Harvey finished the season as the Division I national scoring leader at 23.1 points per game. Harvey also led the nation in three-point shots made as well. Harvey would earn Honorable Mention All-American honors by the Associated Press, the first Eastern Washington player to do so since Rodney Stuckey in 2007. Harvey would be named to the Big Sky Conference first-team for the second-straight year. He was also named a first-team Academic All-American, and was also named to the Lou Henson Mid-Major All-American Team.

On April 1, 2015, Harvey announced his decision to forgo his final season at Eastern Washington and declared for the 2015 NBA draft.

Professional career

Erie BayHawks (2015)
On June 25, 2015, Harvey was selected with the 51st overall pick in the 2015 NBA draft by the Orlando Magic. He later joined the Magic blue team for the 2015 NBA Summer League. On October 31, 2015, he was acquired by the Erie BayHawks of the NBA Development League, the affiliate team of the Magic. On November 20, he made his professional debut in a 103–93 loss to the Delaware 87ers, recording 9 points, 1 rebounds, two assists and two steals in 29 minutes. On December 30, the Bayhawks trailed by 21 points with 4 minutes and 23 seconds. Over those 4 minutes and 23 seconds, Harvey proceeded to sink six straight threes, teaming with fellow guard John Jordan to send the game to overtime. The Bayhawks ended up winning the game, 125–120.

Auxilium Pallacanestro Torino (2016–2017)
On July 22, 2016, Harvey signed with FIAT Torino of the Italian Serie A.

Olympique Antibes (2017–2018)
On August 16, 2017, Harvey signed with Olympique Antibes of LNB Pro A.

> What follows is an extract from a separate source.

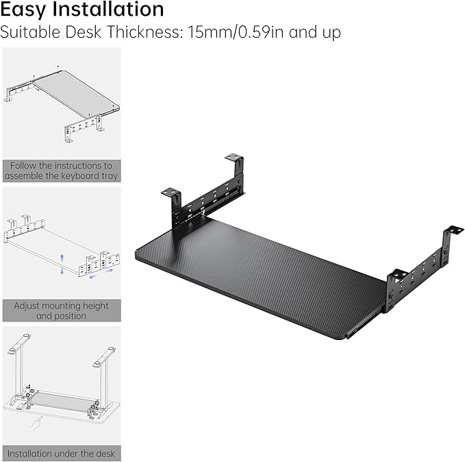 - 【Wide Compatibility】: This keyboard drawer is designed to be compatible with a wide range of desks, and is suitable for desktops made of materials such as wood, MDF, or other materials with similar characteristics (not compatible with plastic, stone, glass, etc.). The keyboard shelf can be easily mounted under the desk for flexibility in adding desktop space. Note: Make sure your desk is at least 43.31 x 15.75 x 28.74inches (L*W*H), and the desk is at least 0.59 inches thick. Please double check the size and whether there is enough leg room after installation before purchasing.

Memphis Hustle (2018–2019)
On July 23, 2018, the Magic traded Harvey's NBA rights, alongside Dakari Johnson to the Memphis Grizzlies for Jarell Martin and cash considerations. For the 2018–19 season, Harvey was added to the roster of the Grizzlies’ G League affiliate, the Memphis Hustle. On February 2, 2019 Harvey converted 13 3-point shots, tying the NBA G League single-game record established by Brady Heslip on November 29, 2014 that continued to stand .

Ratiopharm Ulm (2019–2020)
On July 19, 2019, Harvey signed with Ratiopharm Ulm of the Basketball Bundesliga.

Illawarra Hawks (2020–present)
On July 28, 2020, Harvey signed a one-year deal with the Illawarra Hawks of the Australian National Basketball League (NBL). He averaged 20.4 points, 3.7 rebounds, 3.2 assists and 1.4 steals per game during the 2020–21 season while shooting 38% from beyond the three-point line. He was subsequently named to the All-NBL First Team.

On July 9, 2021, Harvey re-signed with the Hawks on a three-year deal.

Draft rights
On June 25, 2015, Harvey was selected with the 51st overall pick in the 2015 NBA draft by the Orlando Magic.

On July 23, 2018, the Magic traded Harvey's NBA rights, alongside Dakari Johnson to the Memphis Grizzlies for Jarell Martin and cash considerations.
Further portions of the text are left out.